Oddly, I do not have the same visceral reaction to milk - perhaps due to cultural conditioning, and my own quasi-addiction to it. Perhaps someday I will become a vegan or near-vegan. For now, a flesh-less diet works well. And, it tends to be cheaper. ridulo.gif

FractalBloom (Montri la profilon) 2015-julio-22 19:44:11

I had been a lacto-ovo vegetarian for about 3 years before switching to full veganism a few months ago, after considering the implications of the dairy and egg industries. Here's some points that really made me think.

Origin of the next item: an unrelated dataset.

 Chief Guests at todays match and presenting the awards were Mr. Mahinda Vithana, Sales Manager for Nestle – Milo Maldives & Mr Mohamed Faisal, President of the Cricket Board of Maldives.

During their short lives, animals raised for eggs and milk are treated just as badly as those raised for their meat, often worse. Hens live their entire lives stuffed into cramped battery cages, are mutilated by common practices such as debeaking, and are never permitted to see the light of day. So-called "cage free" production facilities are virtually identical to ordinary factory farms despite their desperate attempts to be reclassified as "humane". And yet many people are attracted to l-o vegetarianism as a safe "death-free" middle ground. Unfortunately this is not the case. Examples of violence which occur in the dairy and egg industries abound:

- In commercial egg hatcheries producing egg-laying hens for factory farms, half of the chicks which hatch are male and therefore useless to the egg industry. Their lives last only a few minutes before they are thrown into an industrial blender to be ground up while still fully alive and conscious, or left to die in the garbage bins.

- Milk cows must be perpetually pregnant in order to continue producing milk. This results in a lot of extra calves, which are typically slaughtered for veal.

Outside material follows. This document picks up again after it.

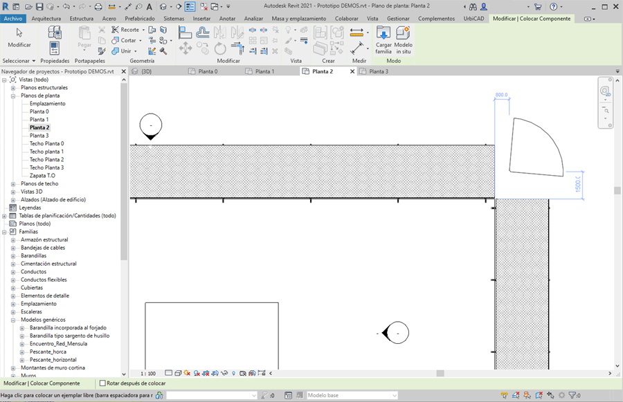 1. Abra una vista de planta o 3D. Si trabaja en 3D debe recordar que en 3D no se tienen los niveles definidos, y esto puede ocasionar que la colocación del encuentro en la esquina sea incorrecto.

- The most blatant way the egg/dairy industry supports slaughter is the simple fact that once an animal's output decreases beyond a certain level the animal is considered "spent" and is sent to a slaughterhouse to be killed for low-grade meat. This occurs after the cow or hen has completed around 20% of her natural lifespan.

If lacto-ovo vegetarianism for you is a stepping stone to a fully plant-based diet, by all means go for it. But in the long run, if you perceive the atrocities committed in modern factory farms as morally outrageous, why would you resolve to simply participate in them less rather then totally forsake them? To be fair, I think any reduction, partial or otherwise, in the consumption of animal products is desirable. Keep in mind that everyone in the world is in a different situation regarding what kinds of food they have access to at all. But if slaughtering animals is unethical it leaves us in kind of a weird moral limbo to say that someone who has the ability to refrain from an unethical activity is justified in only partly doing so.

Leke (Montri la profilon) 2015-julio-22 19:44:33

I've been vegan since January and feel 'better' for it health wise. The only thing I worry about is vitamin B12 which I'm getting from Marmite.